Extracted entries Start Marker
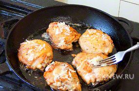Окорочка перевернуть на другую сторону и снова жарить около 5 минут до румяной корочки. В целом жарим курицу около 15-20 минут время от времени переворачивая. Готовность проверяем вилкой, мясо нужно проколоть до косточки — если выделяется красный кровяной сок жарим дальше, если прозрачный — мясо готово
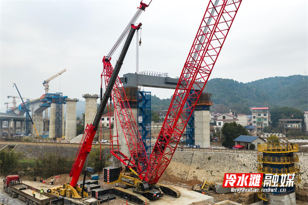 跨芦洪江特大桥全长3050.955米,需跨越高速、铁路、省道及河流,是邵永高铁全线的重点难点工程之一。此次架设的钢盖梁位于26号墩段,采用26米跨度门式墩构造跨越既有益湛铁路,吊装重量达209.8吨,具有吊装吨位大、作业半径广、吊装高度高、施工时间紧、施工难度大、安全风险高的特点。建设单位通过开展安全风险研判、设计优化和技术交底,最终采用650吨履带吊起钢盖梁,逆时针旋转117度后,与门式墩精准对位,一次性顺利完成吊装作业。
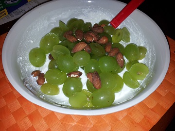 Lahja kohupiim keefiriga, lisatud mandleid ja viinamarju. Magustatud Huxol suhkruasendajaga. Mandlid sain FitCampist, aga nüüd on otsas
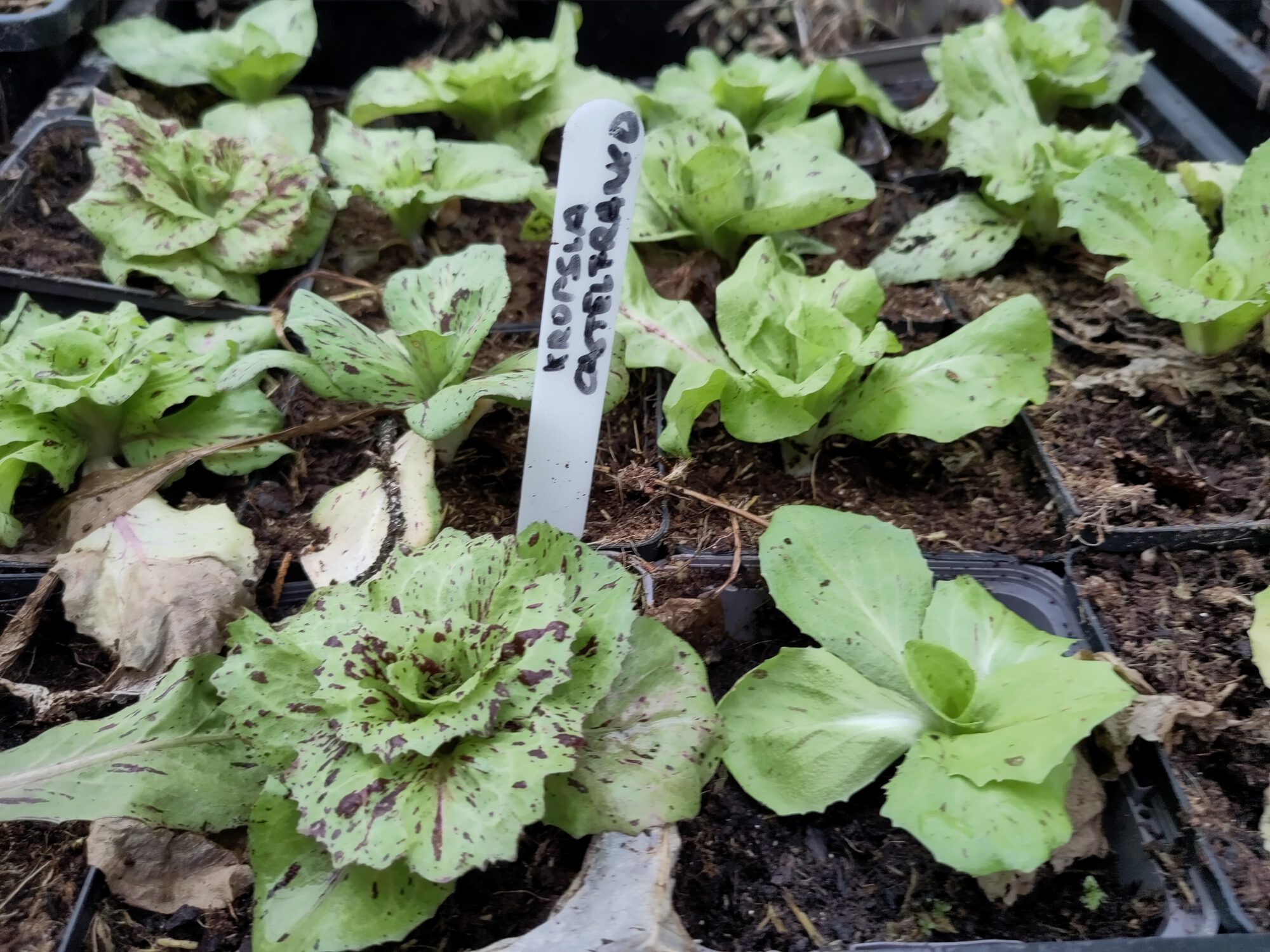 Sommige sla in de kas is verpietert maar de meeste planten beginnen op te leven zoals deze mooie castelfranco. Een bak met andere sla had trips maar dat is snel opgelost door een paar dagen buiten in kou en wind staan.
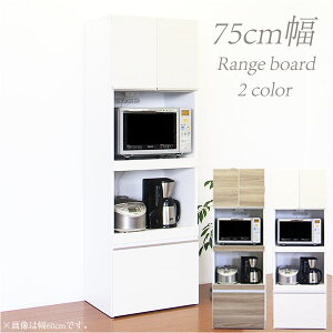 収納棚、スライドカウンター、大容量引き出し収納、耐震ラッチ、2口コンセントと多機能なレンジボードです。幅50cm〜4サイズ、3タイプから選べます。商品サイズ 本体: 幅 74.8×奥行 43.2×高さ 179 (cm)。
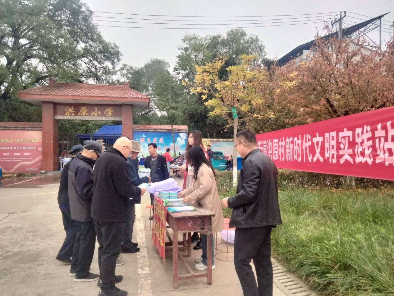 工作人员向群众发放宣传手册(陈仓区委宣传部供图)
Extracted entries End Marker
> _Exercise brief_: From the line containing "43.2×高さ 179 (cm)。" through the final line of the listing above, reproduce every line exactly, with no pictures.

> _Problem solution_:
 収納棚、スライドカウンター、大容量引き出し収納、耐震ラッチ、2口コンセントと多機能なレンジボードです。幅50cm〜4サイズ、3タイプから選べます。商品サイズ 本体: 幅 74.8×奥行 43.2×高さ 179 (cm)。
 工作人员向群众发放宣传手册(陈仓区委宣传部供图)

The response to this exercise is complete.